In closing, I do think the primary obstacle to a sober evaluation of climate change involves social and economic implications. The climate change deniers may be right – acknowledging and adequately planning for responses to climate change would involve significant changes in social control and probably economic organization.

Of course, the AICH adopts a more moderate perspective – let’s be sure and set up monitoring of all this, so we can be prepared.

Hopefully, that will happen to some degree.

But adopting a more pro-active stance seems unlikely, at least in the near term. There is a wholesale rush to bringing one to several trillion persons who are basically living in huts with dirt floors into “the modern world.” Their children are traveling to cities, where they will earn much higher incomes, probably, and send money back home. The urge to have a family is almost universal, almost a concomitant of healthy love of a man and a woman. Tradeoffs between economic growth and environmental quality are a tough sell, when there are millions of new consumers and workers to be incorporated into the global supply chain. The developed nations – where energy and pollution output ratios are much better – are not persuasive when they suggest a developing giant like India or China should tow the line, limit energy consumption, throttle back economic growth in order to have a cooler future for the planet. You already got yours Jack, and now you want to cut back? What about mine? As standards of living degrade in the developed world with slower growth there, and as the wealthy grab more power in the situation, garnering even more relative wealth, the political dialogue gets stuck, when it comes to making changes for the good of all.
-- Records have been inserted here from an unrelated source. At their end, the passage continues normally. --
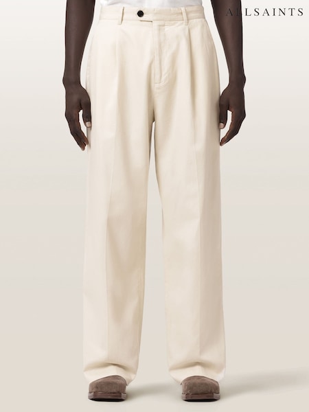 Reiss Off White Augustine Wide Leg Plisse Trousers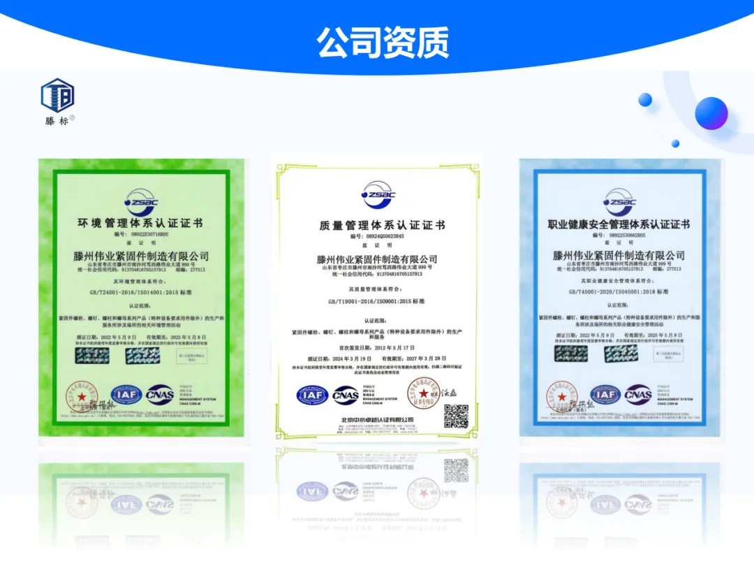 滕州伟业紧固件制造有限公司位于科圣墨子故里山东滕州,是一家集生产、加工、销售及配套服务为一体的专业紧固件生产企业。是由原国有企业滕州标准件总厂改制而成,并获得中国石化联合会合格供应商资格和山东省紧固件协会指定检测中心认证。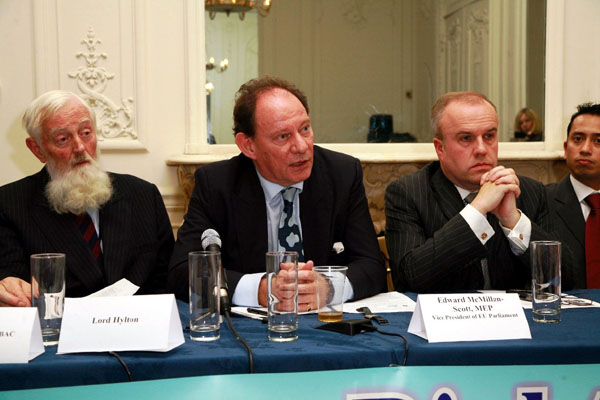 欧洲议会副主席爱德华•麦克米兰-史考特先生(Mr Edward McMillan-Scott)主持了新闻发布会,多名欧洲议会和英国政要、非政府组织、前奥运选手及中国人权活动人士出席发言,其中包括:大伦敦议会副主席布莱恩•科尔曼(Mr Brian Coleman),欧洲议会议员罗勃特•埃文斯(Mr Robert Evans),英国上议会议员希尔顿勋爵(Lord Hylton),前奥运会运动员、英国运动员俱乐部协会荣誉教练约翰•拜考特(Mr John Bicourt),中国人权活动人士许毅博士,民主中国阵线英国代表金露茜女士,以及曾经被中共劳教所关押迫害过的法轮功学员杨峰女士等。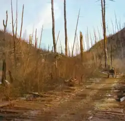 Alors que la majeure partie des terres bordant le Lac Ontario se remplissent, le gouvernement n'a d'autre choix que de céder à la pression populaire demandant l'ouverture de l'impitoyable terrain du Bouclier canadien à la colonisation et doit construire d'autres voies est–ouest et nord–sud entre la Vallée de l'Outaouais et la Baie Géorgienne[49],[50]. Dans les années qui suivirent, le gouvernement a construit au-dessus de 1 600 km (1 000 mi) de routes dans les nouveaux territoires développés. Ces routes étaient plus souvent qu'autrement un sentier tracé dans la forêt à peine assez large pour laisser passer un charriot wagon[51].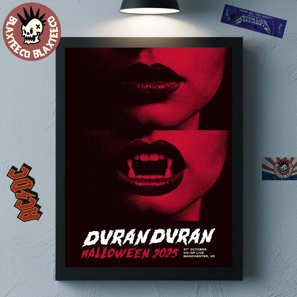 Blaxteeco: About Duran Duran Halloween Show 2025 Merch In Manchester UK At Co-Op Live On 31st October 2025 Mouth And Fangs Art Poster Canvas Introduction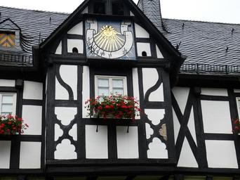 Keywords: crottorf castle moated castle architecture romance water places of interest truss fachwerkhaus facade building bar construction wood home clock sundial geranium slate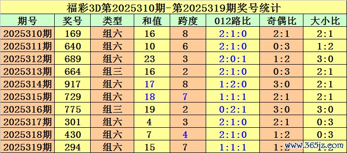 320期金原福彩3D预测奖号:大小奇偶012路分析
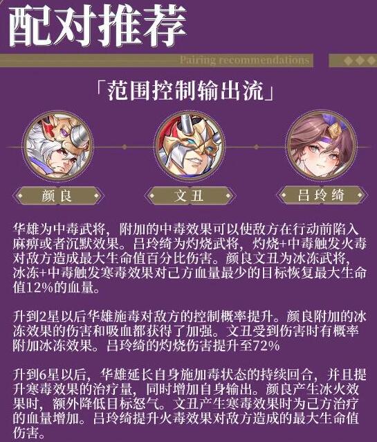 解析:这套为范围控制输出流,通过华雄的中毒来让敌人陷入控制,再与吕玲绮的灼烧打出火毒的百分比伤害,颜良文丑还能触发寒毒,恢复己方英雄血量。
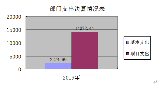 2019年度支出合计16,347.42万元,其中:基本支出2,274.99万元,占13.92%;项目支出14,072.44万元,占86.08%。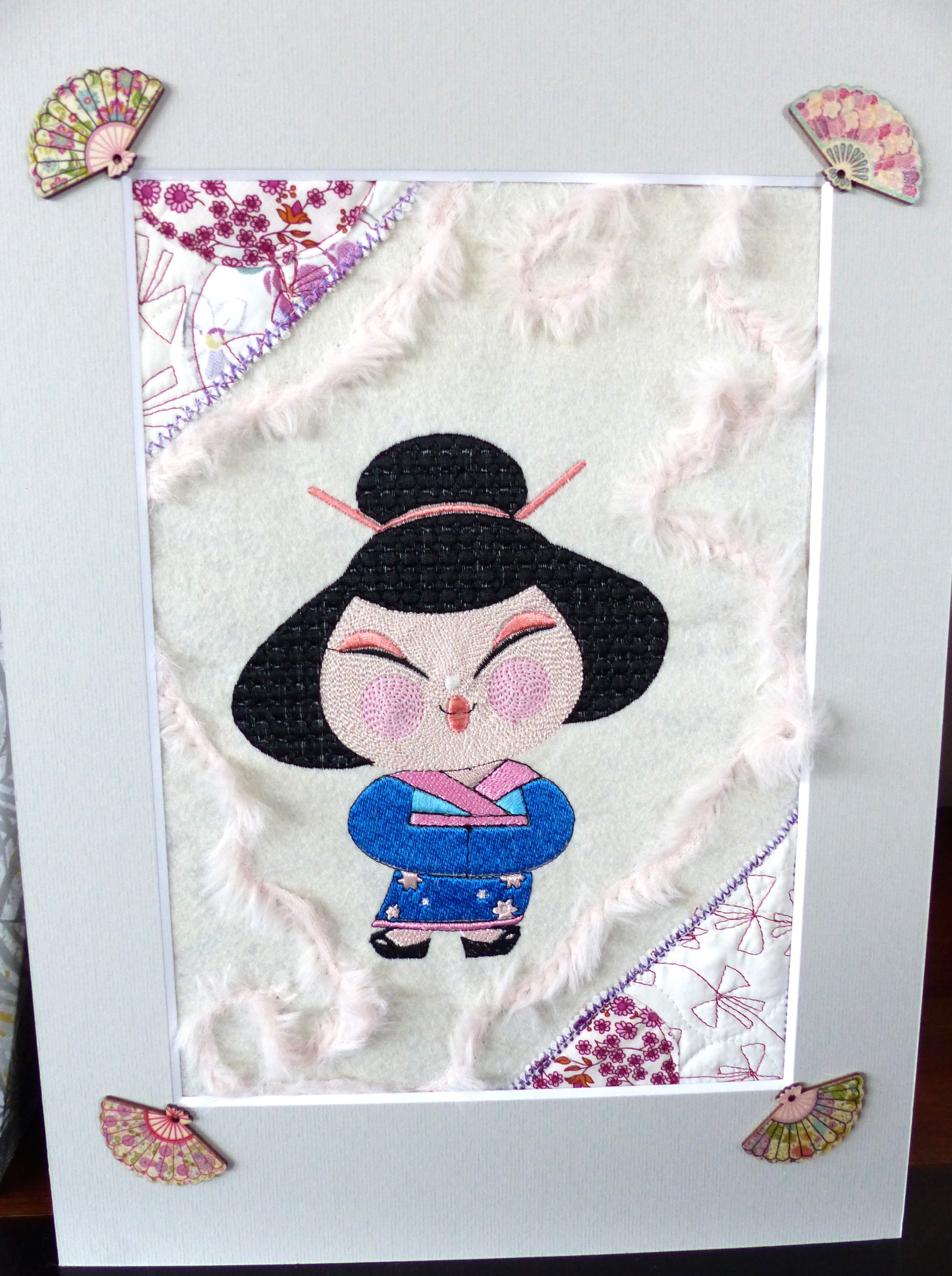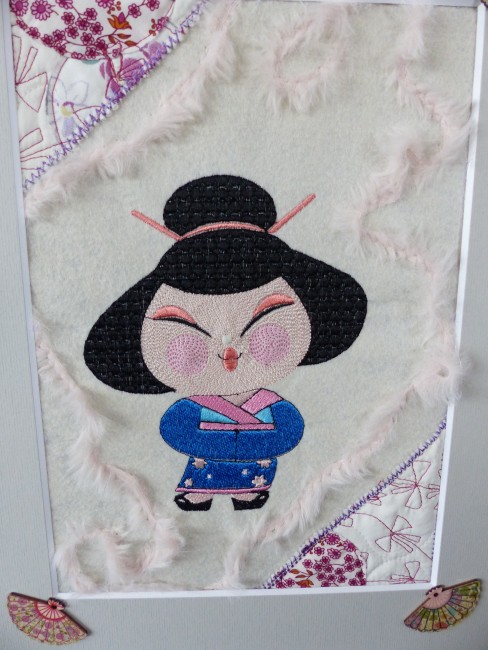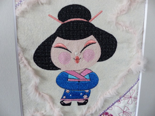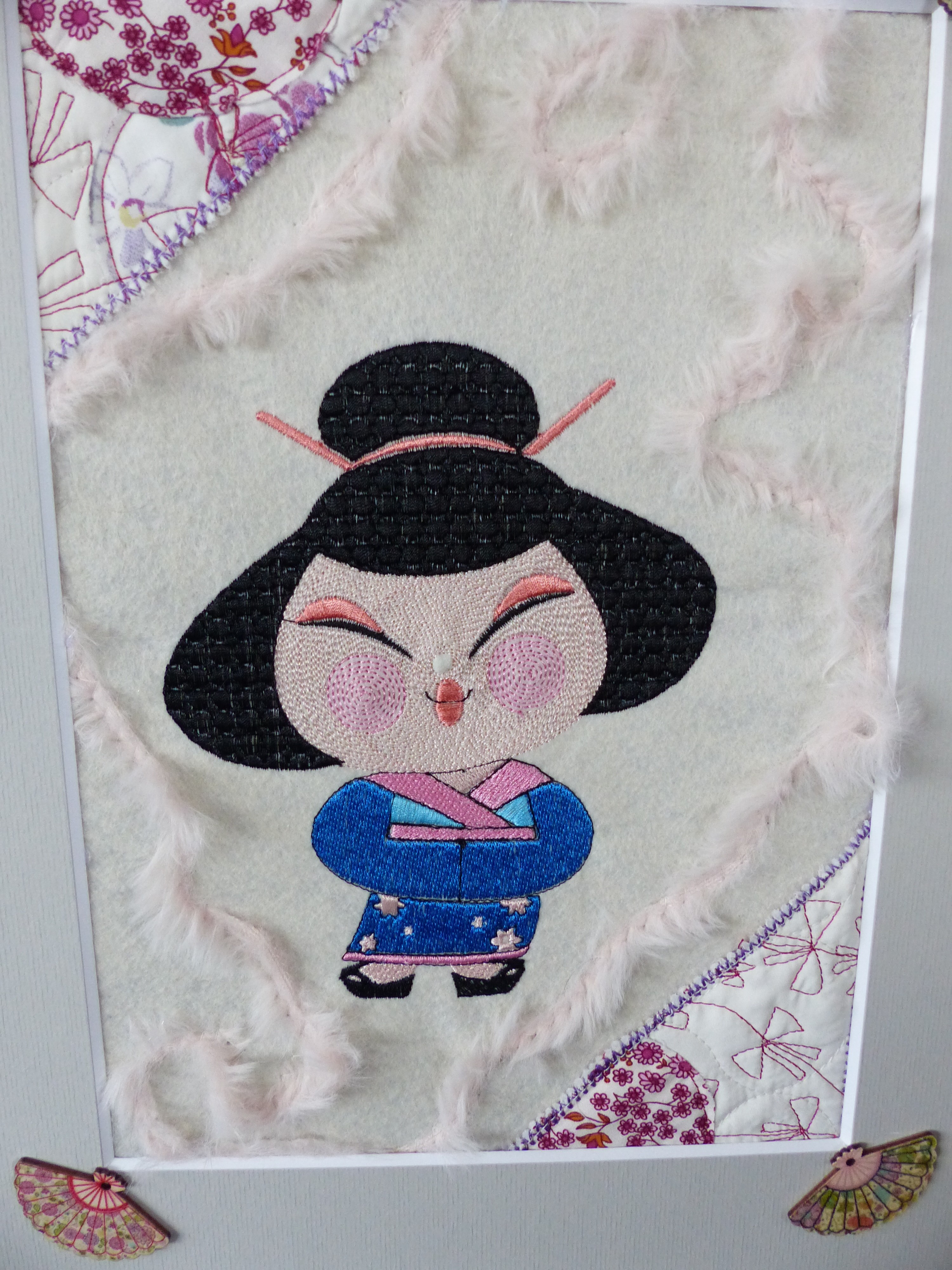 Toile Kokeshi 2 brodée, réalisée en broderie avec motif créé PE DESIGN 11 , avec coins quilting libre pour fantaisie.

I could continue, and probably will sometime, but it seems to me that from a longer term forecasting perspective darker scenarios could well be considered. I’m sure we will see quite a few of these. One of the primary ones would be a kind of devolution of the global economy – the sort of thing one might expect if air travel were less possible because of, say, a major uptick in volcanism, or huge droughts took hold in parts of Asia.

Again and again, I come back to the personal thought of local self-reliance. There has been a growth with global supply chains and various centralizations, mergers, and so forth toward de-skilling populations, pushing them into meaningless service sector jobs (fast food), and losing old knowledge about, say, canning fruits and vegetables, or simply growing your own food. This sort of thing has always been a sort of quirky alternative to life in the fast lane. But inasmuch as life in the fast lane involves too much energy use for too many people to pursue, I think decentralized alternatives for lifestyle deserve a serious second look.